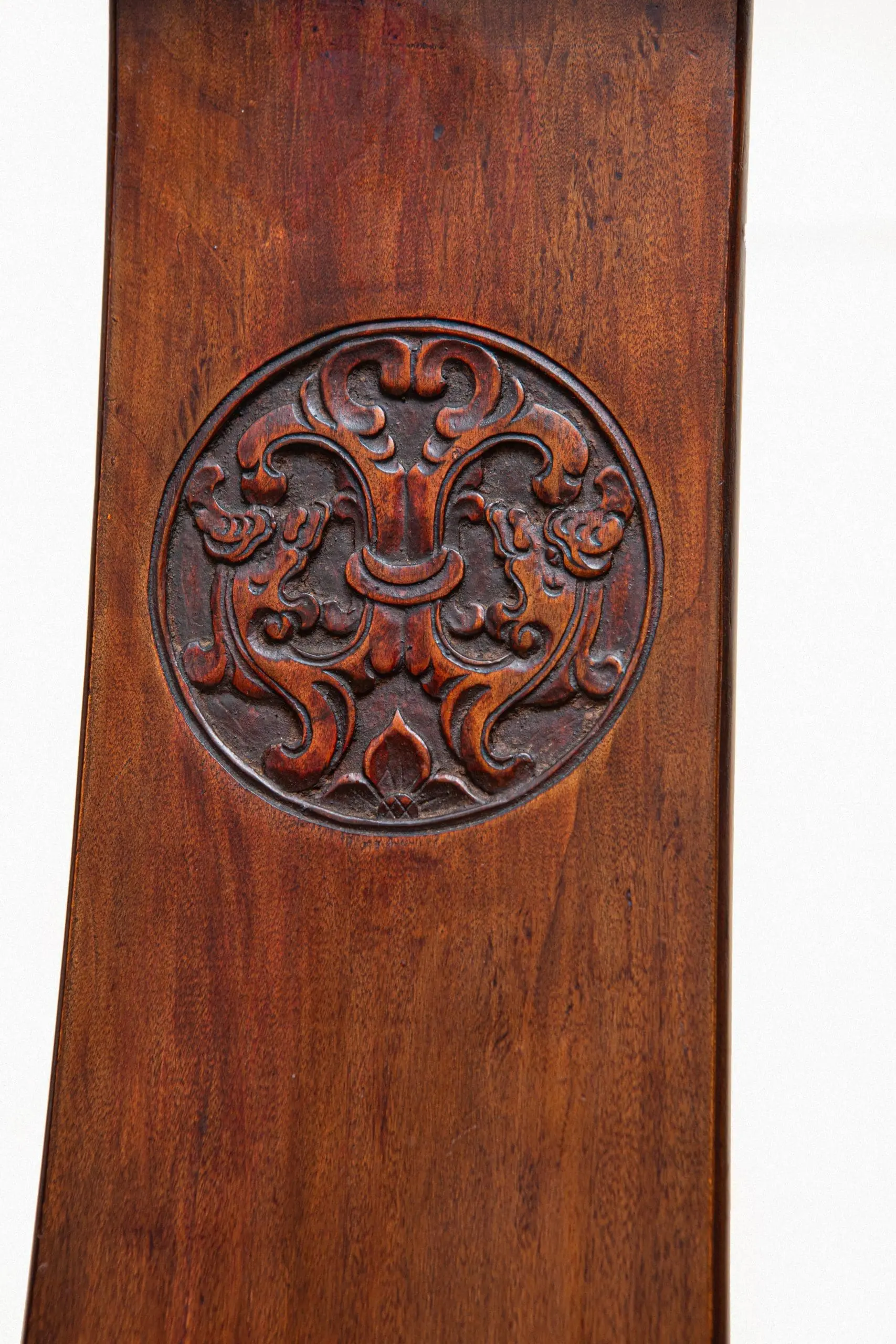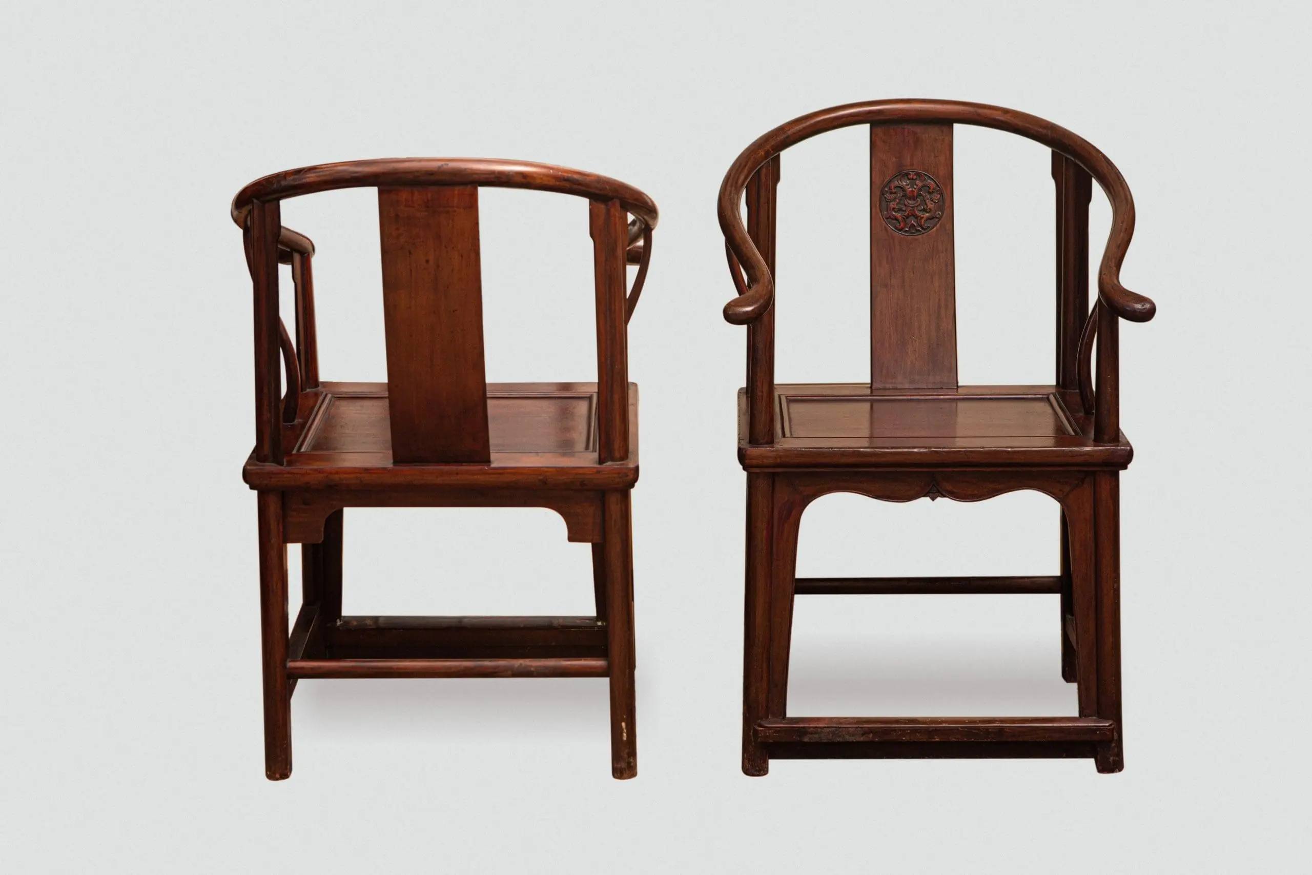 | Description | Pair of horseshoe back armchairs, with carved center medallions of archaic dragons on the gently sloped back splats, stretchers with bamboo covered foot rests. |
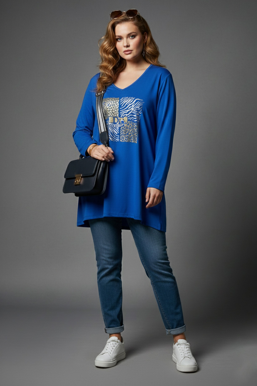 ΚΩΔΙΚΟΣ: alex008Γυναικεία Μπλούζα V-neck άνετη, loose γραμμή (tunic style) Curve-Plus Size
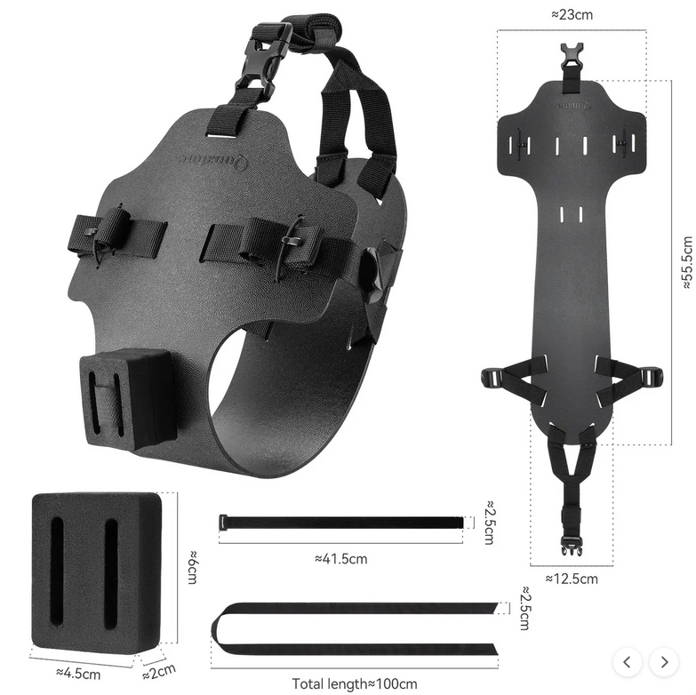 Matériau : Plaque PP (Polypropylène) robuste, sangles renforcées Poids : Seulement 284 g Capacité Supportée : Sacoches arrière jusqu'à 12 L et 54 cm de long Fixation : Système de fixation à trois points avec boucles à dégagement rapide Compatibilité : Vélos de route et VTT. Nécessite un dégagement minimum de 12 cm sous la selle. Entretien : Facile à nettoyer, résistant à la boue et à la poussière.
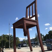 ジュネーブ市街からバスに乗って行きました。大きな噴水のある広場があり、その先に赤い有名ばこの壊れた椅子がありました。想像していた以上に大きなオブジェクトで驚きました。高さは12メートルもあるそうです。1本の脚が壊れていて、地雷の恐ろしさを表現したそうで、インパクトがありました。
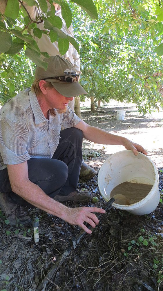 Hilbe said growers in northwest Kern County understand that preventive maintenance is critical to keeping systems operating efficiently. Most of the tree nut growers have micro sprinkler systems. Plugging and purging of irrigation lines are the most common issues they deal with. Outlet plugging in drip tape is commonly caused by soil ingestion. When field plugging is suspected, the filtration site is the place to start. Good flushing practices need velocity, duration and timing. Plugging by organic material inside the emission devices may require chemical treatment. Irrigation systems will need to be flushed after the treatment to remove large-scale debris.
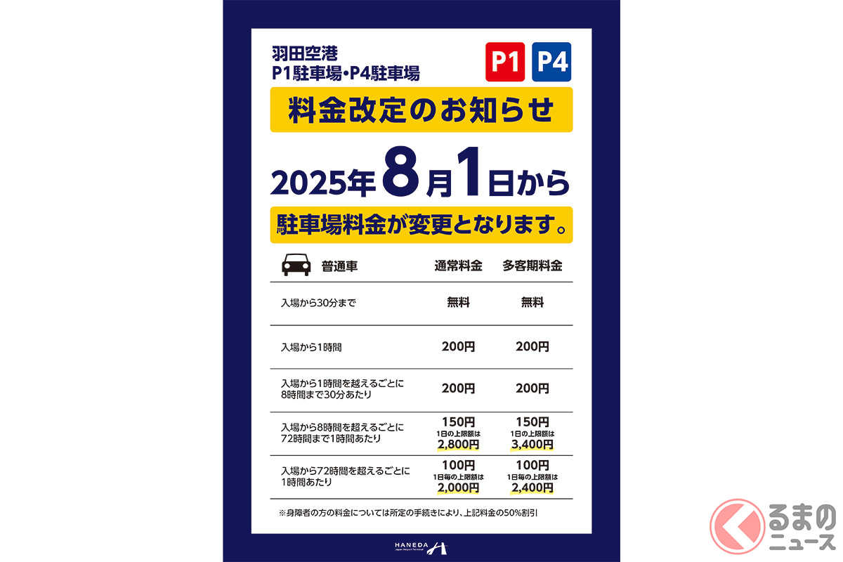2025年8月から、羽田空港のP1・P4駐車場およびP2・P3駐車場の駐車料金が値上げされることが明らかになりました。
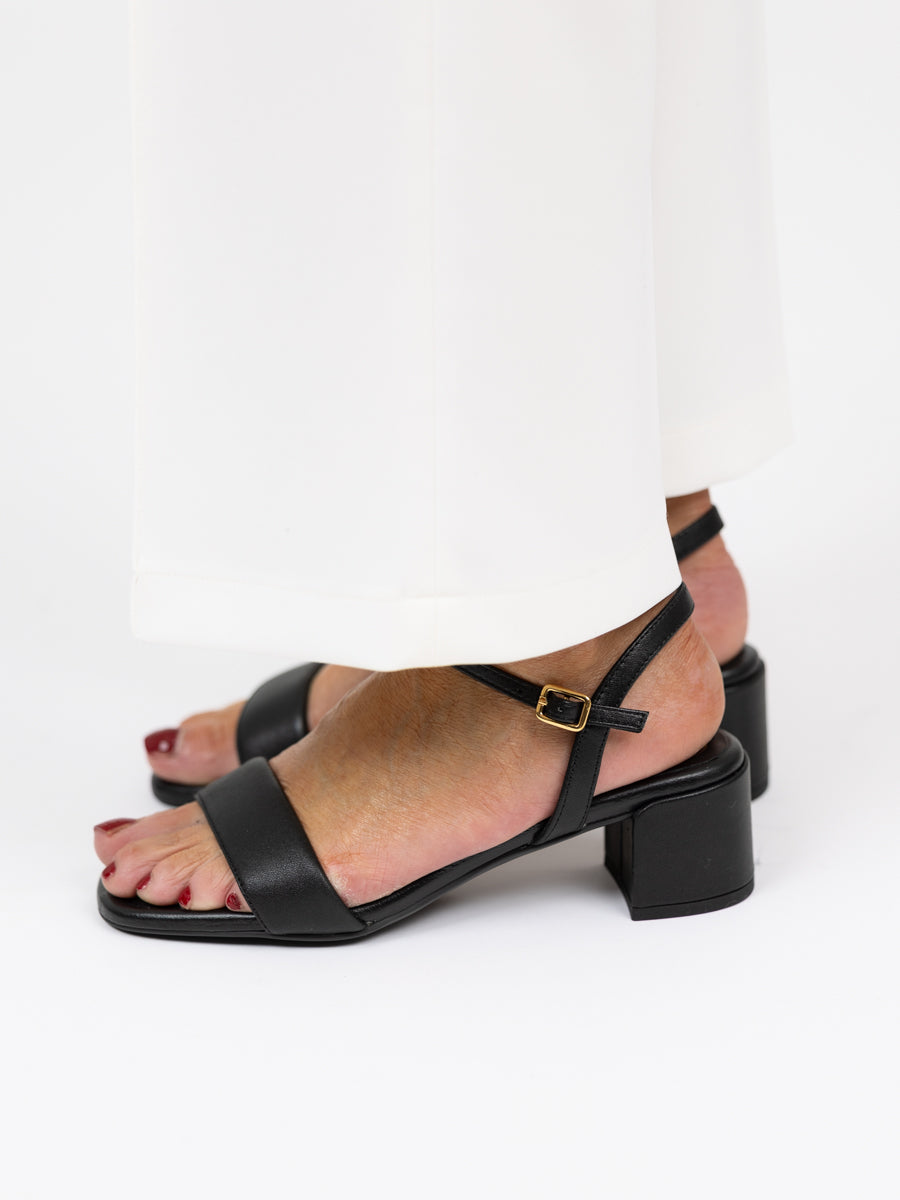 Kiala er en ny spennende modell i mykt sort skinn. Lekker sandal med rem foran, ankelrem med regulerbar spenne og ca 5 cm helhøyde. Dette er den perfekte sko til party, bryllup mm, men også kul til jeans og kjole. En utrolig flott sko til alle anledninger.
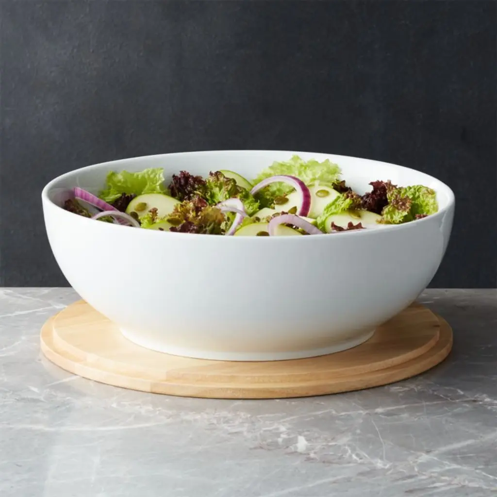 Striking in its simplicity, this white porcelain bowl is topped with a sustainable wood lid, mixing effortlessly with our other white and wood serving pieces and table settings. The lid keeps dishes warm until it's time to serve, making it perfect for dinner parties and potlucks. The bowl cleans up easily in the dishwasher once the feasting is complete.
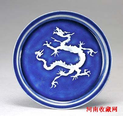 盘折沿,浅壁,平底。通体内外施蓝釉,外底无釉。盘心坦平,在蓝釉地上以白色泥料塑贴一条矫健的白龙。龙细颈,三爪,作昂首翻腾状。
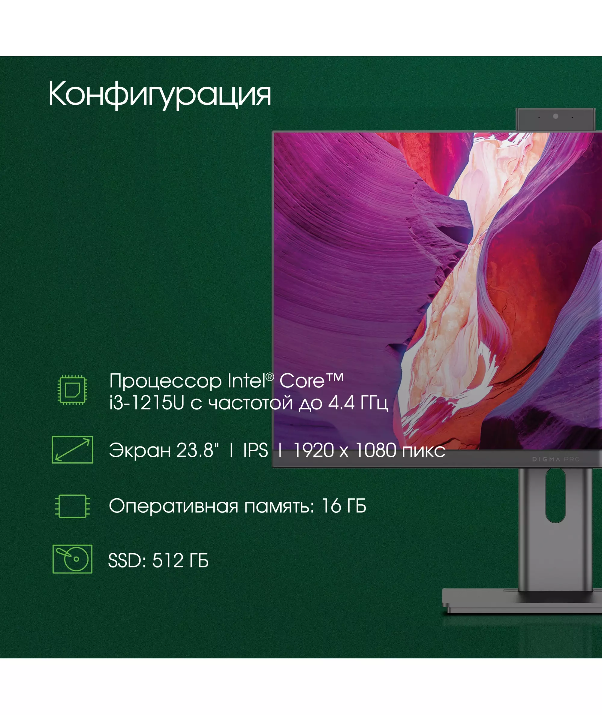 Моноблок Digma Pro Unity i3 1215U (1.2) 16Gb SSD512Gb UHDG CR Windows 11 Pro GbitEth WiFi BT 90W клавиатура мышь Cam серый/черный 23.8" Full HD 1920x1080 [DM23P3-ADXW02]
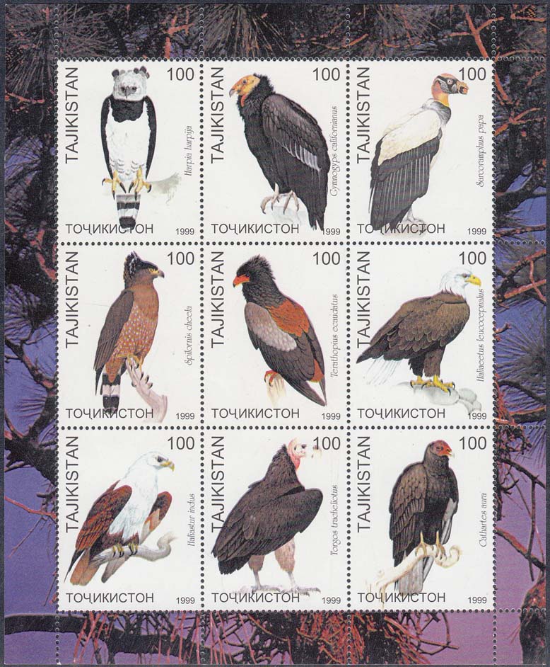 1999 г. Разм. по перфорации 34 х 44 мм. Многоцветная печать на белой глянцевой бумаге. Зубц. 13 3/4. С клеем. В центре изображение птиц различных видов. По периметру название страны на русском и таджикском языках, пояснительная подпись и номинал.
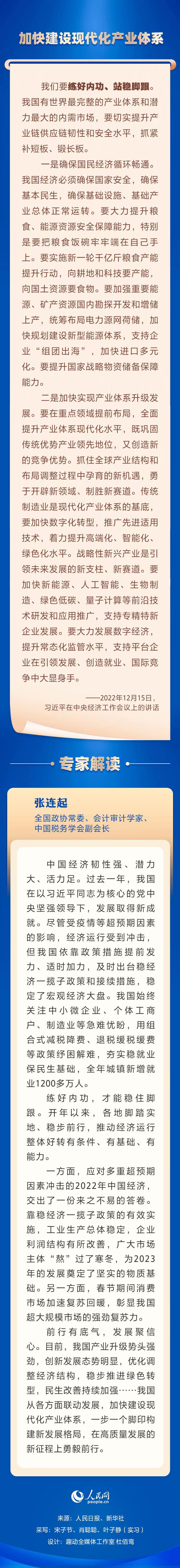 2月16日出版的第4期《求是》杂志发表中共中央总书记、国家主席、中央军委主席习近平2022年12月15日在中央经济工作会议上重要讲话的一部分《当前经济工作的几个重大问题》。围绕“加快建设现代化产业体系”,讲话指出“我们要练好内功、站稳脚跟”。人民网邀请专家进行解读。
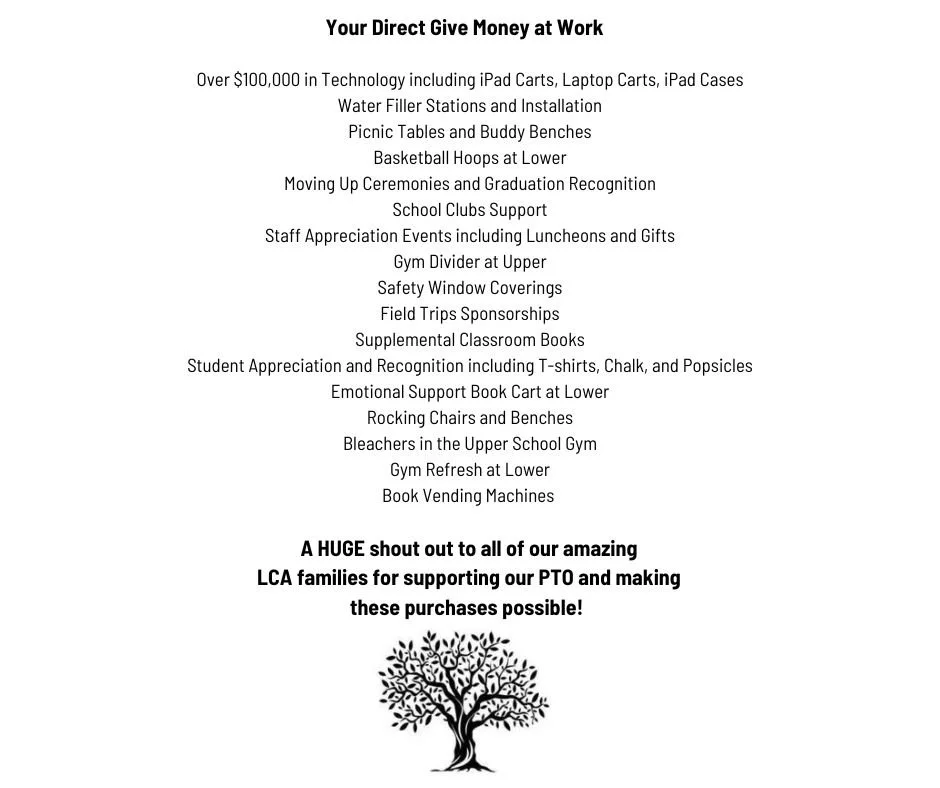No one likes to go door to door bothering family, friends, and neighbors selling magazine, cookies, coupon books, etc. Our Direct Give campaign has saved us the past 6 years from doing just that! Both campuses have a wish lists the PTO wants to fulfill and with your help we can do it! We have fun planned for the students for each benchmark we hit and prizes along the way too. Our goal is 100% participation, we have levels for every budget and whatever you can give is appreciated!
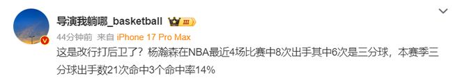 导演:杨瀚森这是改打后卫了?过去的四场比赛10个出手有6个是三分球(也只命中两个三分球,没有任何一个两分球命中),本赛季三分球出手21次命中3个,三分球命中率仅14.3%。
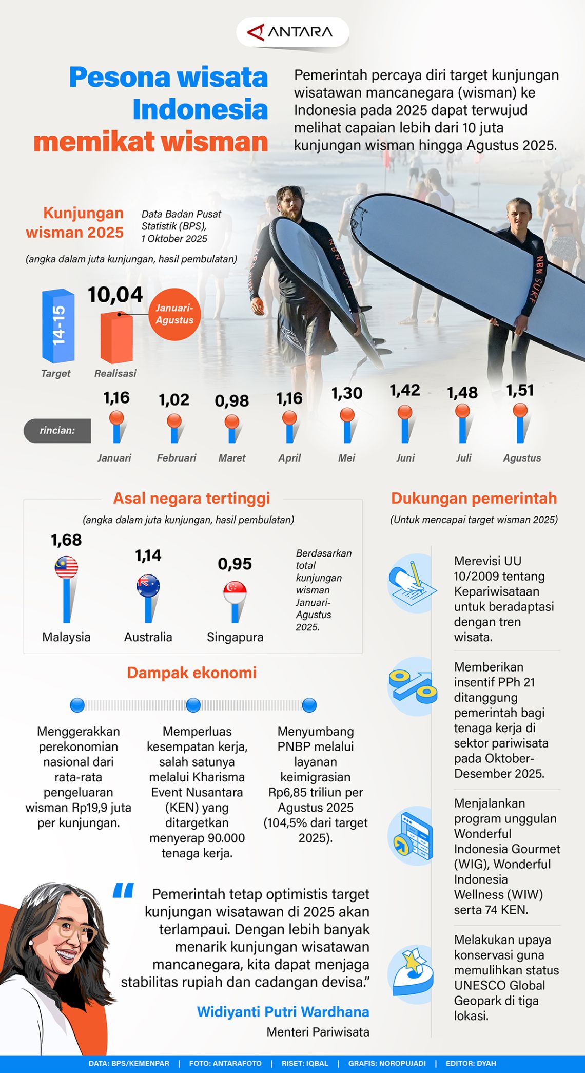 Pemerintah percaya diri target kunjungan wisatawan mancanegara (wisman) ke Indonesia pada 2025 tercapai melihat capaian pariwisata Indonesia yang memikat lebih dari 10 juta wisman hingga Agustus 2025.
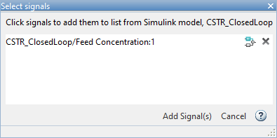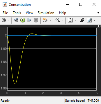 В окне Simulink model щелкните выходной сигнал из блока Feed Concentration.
┄┄┄┄┄┄
YOUR ASSIGNMENT —
Going by the entries above, repeat exactly the lines that start at the line with "Hilbe said growers" and go on through the line with "Моноблок Digma Pro". Pictures are not part of the copy.

FINISHED EXERCISE —
 Hilbe said growers in northwest Kern County understand that preventive maintenance is critical to keeping systems operating efficiently. Most of the tree nut growers have micro sprinkler systems. Plugging and purging of irrigation lines are the most common issues they deal with. Outlet plugging in drip tape is commonly caused by soil ingestion. When field plugging is suspected, the filtration site is the place to start. Good flushing practices need velocity, duration and timing. Plugging by organic material inside the emission devices may require chemical treatment. Irrigation systems will need to be flushed after the treatment to remove large-scale debris.
2025年8月から、羽田空港のP1・P4駐車場およびP2・P3駐車場の駐車料金が値上げされることが明らかになりました。
 Kiala er en ny spennende modell i mykt sort skinn. Lekker sandal med rem foran, ankelrem med regulerbar spenne og ca 5 cm helhøyde. Dette er den perfekte sko til party, bryllup mm, men også kul til jeans og kjole. En utrolig flott sko til alle anledninger.
 Striking in its simplicity, this white porcelain bowl is topped with a sustainable wood lid, mixing effortlessly with our other white and wood serving pieces and table settings. The lid keeps dishes warm until it's time to serve, making it perfect for dinner parties and potlucks. The bowl cleans up easily in the dishwasher once the feasting is complete.
 盘折沿,浅壁,平底。通体内外施蓝釉,外底无釉。盘心坦平,在蓝釉地上以白色泥料塑贴一条矫健的白龙。龙细颈,三爪,作昂首翻腾状。
 Моноблок Digma Pro Unity i3 1215U (1.2) 16Gb SSD512Gb UHDG CR Windows 11 Pro GbitEth WiFi BT 90W клавиатура мышь Cam серый/черный 23.8" Full HD 1920x1080 [DM23P3-ADXW02]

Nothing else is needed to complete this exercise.